# ebay question



## ♡ C ♡ (Dec 7, 2005)

what is the min reserve u can put on an item, know it used to be £50 is it still??


----------



## ☼♥ Minxy ♥☼ © (Jan 13, 2005)

As far as I'm aware it's still £50.....................it never used to have a minimum reserve and then they brought it in !

I've got so much to sell, really must get round to it for some cash for Xmas !

N xx


----------



## ♡ C ♡ (Dec 7, 2005)

thats what I want to do get some money for xmas.
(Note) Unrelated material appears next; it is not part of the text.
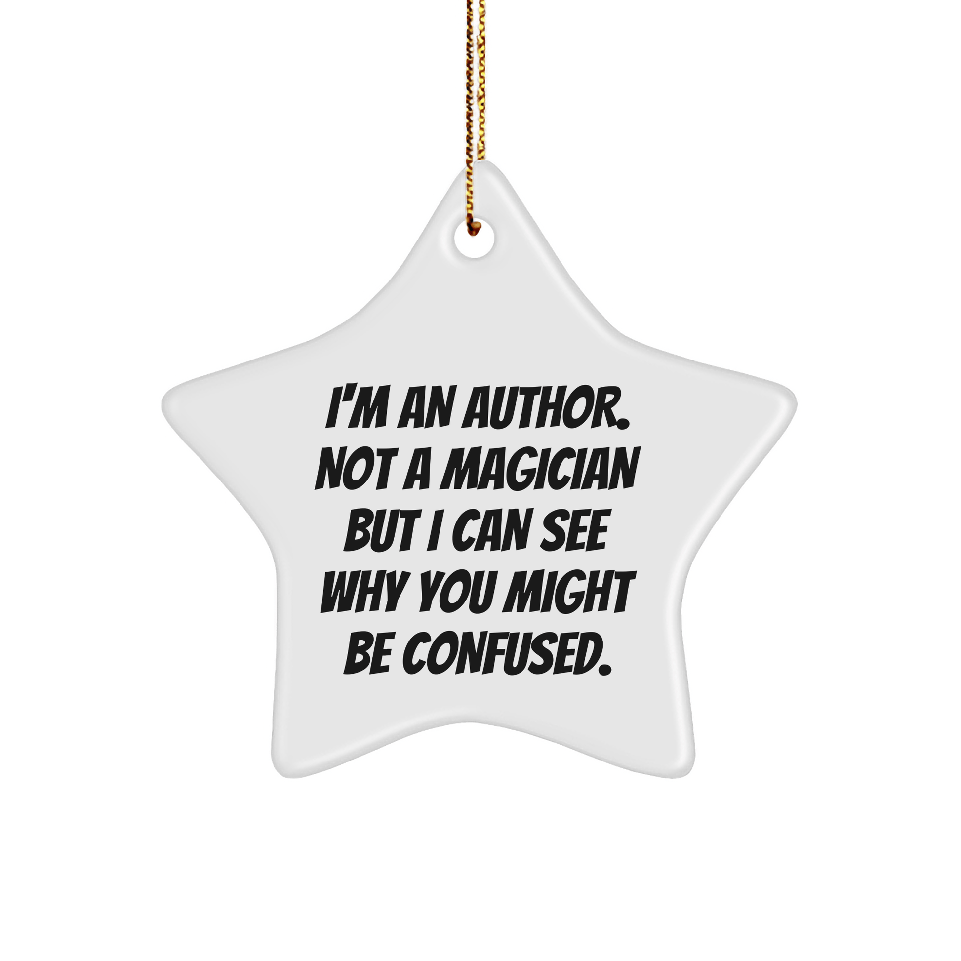 As an author, they know that writing is a challenging but rewarding profession. This ornament is a fun way to acknowledge their hard work and dedication to their craft. The funny quote 'I'm An Author. Not A Magician But I Can See Why You Might Be Confused.' adds a touch of humor to the design, making it a great conversation starter.

Been doing well selling in local paper but some items I want to try on ebay as can't help think I'd get more on there than I might elsewhere.  Guess if min reserve is £50 I'll just have to start them at the min I want and hope or am I just being greedy and take what I've been offered.
I remember there being no min and it coming in, would rather there isn't one


----------



## ☼♥ Minxy ♥☼ © (Jan 13, 2005)

I've not used it before but how about using "best offer"..............or you could use "buy it now"....I'm not sure but maybe you can use both those with reserve price as well.

I wish there was no reserve minimum too....there's been a few times when I've thought I'd get £30/40 quid for something and don't wanna take less but that £50 reserve would be pushing it......I tend to use "buy it now" and set that at minimum I'd accept but also use normal auction listing too.....some I do better on, some I don't.


----------